Dr. Ross’s critics have asked what he’s going to say to his overweight patients, or those who abuse alcohol, or skydive, mountain-climb, and risk their lives in extreme sports. If he’s going to be consistent (and an inconsistent ethic is no ethic at all), then he should cut off all his patients who are doing things that endanger their health, shouldn’t he? Since many diseases are connected with something we do or don’t do, one journalist joked that this would be a dream come true for insurance companies. They’d only have to pay for those who take care of their health so well that they don’t need a physician!

The question I asked him was whether the health of his patients really was his only, or his chief, motivation. I sensed a built-up frustration. Here he is, a man who has devoted himself to the hard discipline of medical science and medical skill, a man who works 80 or 90 hours a week, a man who carries a heavy patient load at a time when more physicians are retiring than entering the profession, and then he encounters patients who keep doing things that make themselves needlessly sick. Wouldn’t you be frustrated? Wouldn’t you think you had better things to do with your time?

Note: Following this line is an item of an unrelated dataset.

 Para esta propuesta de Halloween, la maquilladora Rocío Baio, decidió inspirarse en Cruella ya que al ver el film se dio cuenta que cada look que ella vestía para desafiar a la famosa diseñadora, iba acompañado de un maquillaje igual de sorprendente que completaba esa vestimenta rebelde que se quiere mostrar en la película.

Dr. Ross agreed that that’s a part of it. But is it unethical to draw a line and say you’re done with wasting your time and talent?

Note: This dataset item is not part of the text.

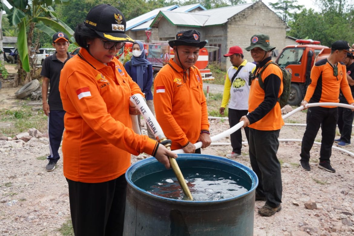 Pj Bupati Lamandau Lilis Suriani di dampingi Ketua BPBD Kabupaten Lamandau, Hendikel, mengunjungi sekaligus menyalurkan secara langsung bantuan air bersih tersebut ke rumah rumah warga.

Less than a week after I heard Dr. Ross speak, I had a call from the administrator of a Salvation Army shelter for homeless women. She said she was wrestling with the shelter’s admission policy. Apparently they won’t let anyone in who has been drinking or taking drugs. She wondered if this was right. She could understand not admitting someone whose intoxication meant that they were a danger to other residents, but should we be saying “No entrance” to people for their own sake? There’s no question that the abuse of alcohol and drugs is a big part of what puts people on the street and keeps them there. And there’s no question that there are healthier options than continuing to abuse drugs and live without a home. Are we reinforcing irresponsibility if the Army simply throws the shelter doors open whether the applicant is drunk or not? Are we wasting valuable time and funders’ money if we never demand that residents help themselves as a condition for our care?

I honestly don’t know the answer. I can hear what Dr. Ross is saying. I can imagine the frustration he feels, caring more about his patients than they care for themselves. And yet, knowing the conditions he sets, would I want him as my family physician? Is he as hard on himself for his own irrationalities as he is on his patients’?

I wonder the same thing about the “tough love” policies of Salvation Army personnel. I can understand an Army shelter wanting to give an ultimatum to homeless people so that they’ll begin to take better care of themselves. I can even imagine a corps officer deciding she’s going to stop visiting the homes of people who foolishly reject the Gospel. But are these the kind of administrators and corps officers we want?

It’s not always easy knowing what Jesus would do. To the Twelve, he said: “If anyone will not welcome you…shake the dust off your feet when you leave that home” (Matt. 10:14). But it is also said of him that “we do not have a High Priest who is unable to sympathize with our weaknesses….He is able to deal gently with those who are ignorant and going astray” (Hebrews 4:15; 5:2).